第一卷:寒镇孤魂,尘光初遇 第一章 寒镇雪殇,异世孤魂

作品:《尘缘劫:执剑问长生

    隆冬岁末,朔风卷着鹅毛大雪,笼罩着整座青溪镇。

    铅灰色的云层压得极低,将天地间的光色都揉成一片混沌,碎雪簌簌落在斑驳的土墙上、枯槁的枝桠间,也落在镇西那间摇摇欲坠的破茅屋顶上,连带着周遭的空气,都浸满了刺骨的寒意,哈出一口白气,转瞬便被寒风撕碎,消散在漫天飞雪里。

    破茅屋的门扉半掩着,被寒风刮得吱呀作响,像是随时都会轰然倒塌。屋内没有半分暖意,屋顶破了好大一个窟窿,飞雪顺着缝隙飘进来,在地面积起薄薄一层白霜,墙角堆着的几捆干枯茅草,早已被寒气浸透,散发出沉闷的霉腐气息,混杂着一丝若有若无的血腥味,在狭小昏暗的空间里弥漫开来,呛得人喉头发紧。
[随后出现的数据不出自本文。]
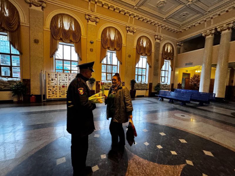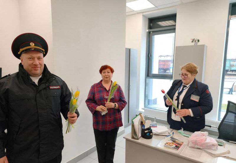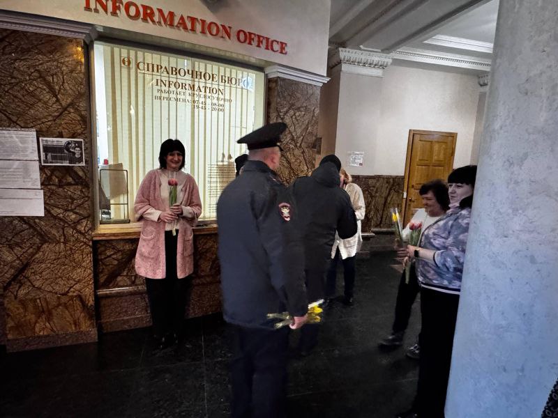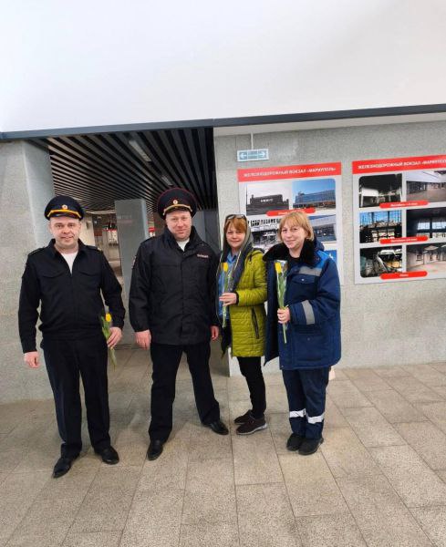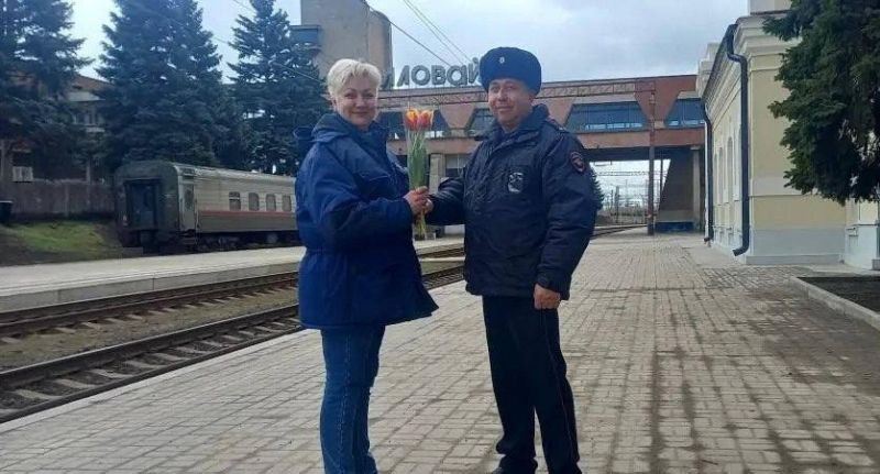 В преддверии Международного женского дня транспортные полицейские Донецкого линейного отдела МВД России на транспорте присоединились к всероссийской акции «8 Марта – в каждый дом». Мужчины из линейного отдела поздравили работниц и женщин-пассажирок железнодорожных вокзалов Донецка, Мариуполя и Иловайска с наступающим праздником.

    沈砚是在极致的寒冷与剧痛中,缓缓恢复意识的。

    起初是无边无际的黑暗,伴随着高楼坠落的失重感与浑身碎裂般的疼痛,前世二十余载的孤苦岁月,如同走马灯般在脑海中闪过。自幼父母离异,各自组建新的家庭,他成了多余的人,在亲戚的冷眼与世俗的偏见中长大,成年后孤身一人在繁华都市打拼,没日没夜地奔波劳碌,不过是为了混一口温饱,从未尝过亲情的温暖,从未拥有过真心的陪伴,最后竟在一次加班深夜,失足从天台坠落,草草结束了这乏善可陈的一生。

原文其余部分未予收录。